# b-17 vs ju-88 vs b-24



## fly boy (Feb 4, 2008)

wat do you think is the best wwII bomber of Europe?


----------



## DerAdlerIstGelandet (Feb 5, 2008)

This thread is not right. 

You can not compare the Ju 88 to the B-17 or the B-24. They are different kinds of bombers. 

You could compare the Lancaster to the B-17 and the B-24 but not the Ju 88.


----------



## Lucky13 (Feb 5, 2008)

Maybe should have tried something like Ju-88 vs B-26 vs B-25 or something?
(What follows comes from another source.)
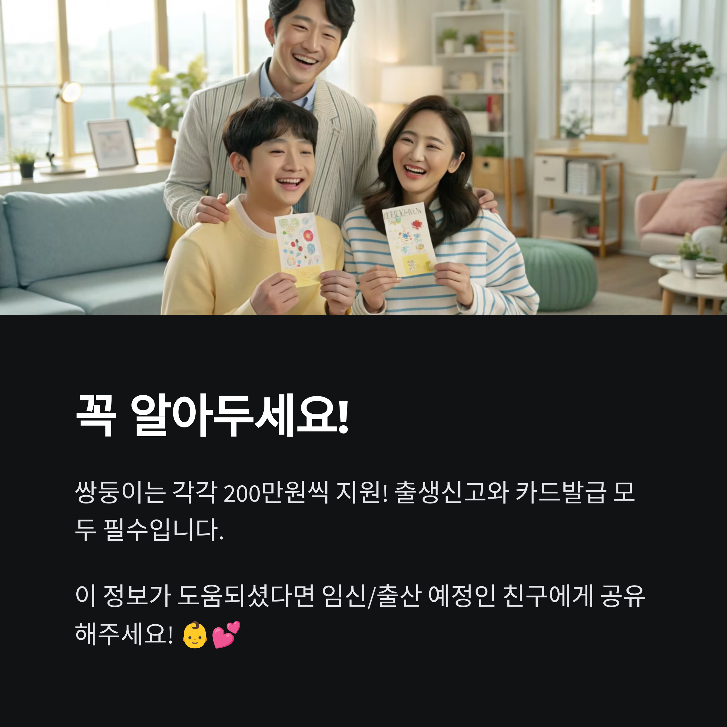 - 쌍둥이 출산 시 각각 200만 원씩 지급

The '88 wouldn't do well against the heavy B-17 or B-24, since it's more a medium bomber and the other two are heavies...


----------



## fly boy (Feb 7, 2008)

ok i fix that


----------



## Evil_Merlin (Feb 7, 2008)

The Ju-88? Goodness me, that couldn't do half what the Heavies could do.

I would say maybe the Ju-88 vs. the B-25 or possibly the B-26 as Lucky stated.

You will find the Ju-88 and the B-25 matched up well against each other, with the Ju being a bit faster, and the B-25 having a bit more range and combat load. 

Of course the both American planes had better armour and defensive weapons, and what most considered better engines (especially if the Ju-88 was using the older 801's versus the Jumo 213's).


----------



## fly boy (Feb 8, 2008)

ok umm it is lanc vs b-17 vs b-24


----------



## DerAdlerIstGelandet (Feb 8, 2008)

I am closing this thread. There are allready eneogh bomber threads to compare teh Lanc, B-17 and B-24.


----------